My favorite is simply the bread product, fat slice of tomato, poached egg, and a little pat of butter.

A poached egg on top of a bowl of cheesy garlicky grits - HEAVEN!


----------



## Uncle Bob (Feb 22, 2009)

A Toasted English Muffin....2 Poached Eggs....Top With a nice ladle of Red Beans with all of their meats and juices....Pass the Hot Sauce!


----------



## mike in brooklyn (Feb 22, 2009)

Poaching is an underutilized and wonderful method
of cooking delicate flavors like eggs and chicken and fish.
Not the easiest method to master.
When poaching eggs some add vinegar to the water - some
'gather' the whites together with a spoon after they hit the water.
some create a vortex in the poaching liquid before adding the eggs.


----------



## Loprraine (Feb 22, 2009)

Cook some farfalle, or whatever pasta you have, drain it, add some good olive oil or butter, some snipped chives, grated Gruyere, and top with your poached egg.  When you cut into the soft yolk, it makes a sauce for the pasta.  A classic Pepin dish, so good.  
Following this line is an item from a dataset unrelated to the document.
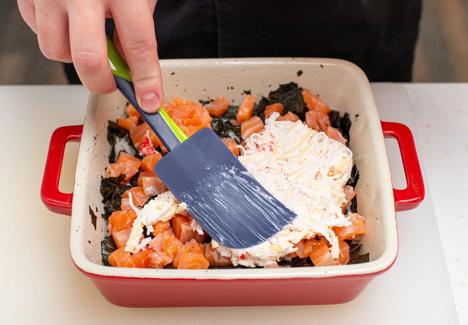 Запекайте суши-торт при 180 градусах 5–7 минут.
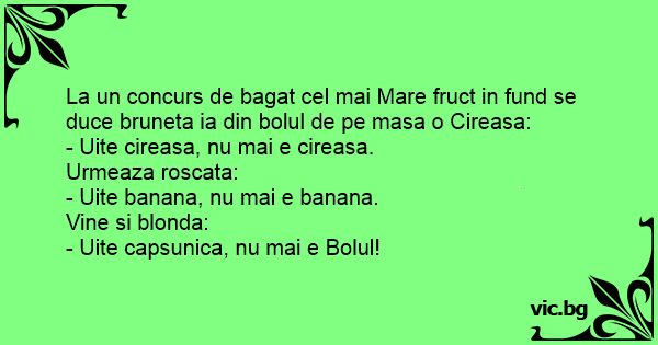 La un concurs de bagat cel mai Mare fruct in fund se duce bruneta ia din bolul de pe masa o Cireasa:

Make a classic Eggs Benedict, but instead of ham, use crab meat.  A bit of hot sauce in your hollandaise would do very nicely.

Make a very shallow highly spiced tomato / bread pudding and top it with the poached egg.  They go great with tomatoes.


----------



## Uncle Bob (Feb 22, 2009)

A nice large Johnny Cake ---- Two Poached Eggs ---- A nice ladle of Corned Beef Hash ---- Pass The Hot Sauce


----------



## kitchenelf (Feb 22, 2009)

GACK!  How could I forget corned beef hash????


----------



## Uncle Bob (Feb 22, 2009)

A fried Grits Patty....Two Poached Eggs...A nice ladle of Shrimp Creole --- Pass the Hot Sauce...



(Miss Bean..Will you pick up another bottle of Louisiana Hot Sauce...I think we gonna need it.)


----------



## Vanilla Bean (Feb 22, 2009)

mike in brooklyn said:


> Poaching is an underutilized and wonderful method
> of cooking delicate flavors like eggs and chicken and fish.
> Not the easiest method to master.
> When poaching eggs some add vinegar to the water - some
> ...


My method...

I heat 2 inches (about) of water in a pan to boiling in a skillet (12-inch), then reduce heat. Break each egg into a custard cup. Hold cup up close to water's surface, and slip egg egg into water. Cook uncovered about 7 minutes or until whites are set and yolks are thickened. Remove eggs with slotted spoon


----------



## Vanilla Bean (Feb 22, 2009)

Canadian bacon, red beans, grits patty, corned beef hash, shrimp creole, farfalle with Gruyere!  Yum, the possibilities are endless!


----------



## Loprraine (Feb 22, 2009)

The world is your oyster ( or poached egg).


----------



## jabbur (Feb 22, 2009)

I like mine on toast.  I butter the toast and spread with grape jelly then layer the poached egg on top.


----------



## FincaPerlitas (Feb 22, 2009)

I like mine on top of good, crusty homemade corned beef hash.  Here's a good recipe: Food Wishes Video Recipes - Free Video Recipe Blog


----------



## BreezyCooking (Feb 22, 2009)

Eggs Benedict, Eggs Florentine, Lyonnaise Salad. . . .


----------



## gadzooks (Feb 22, 2009)

Poach a couple of eggs in a pan of pisto. I had this just the other morning, as I had some leftover pisto. Serve with crusty bread.


----------



## Saraaaaa (Feb 22, 2009)

I certainly like poached egg, simple and delicious, I mostly eat it with whole wheat english muffin.


----------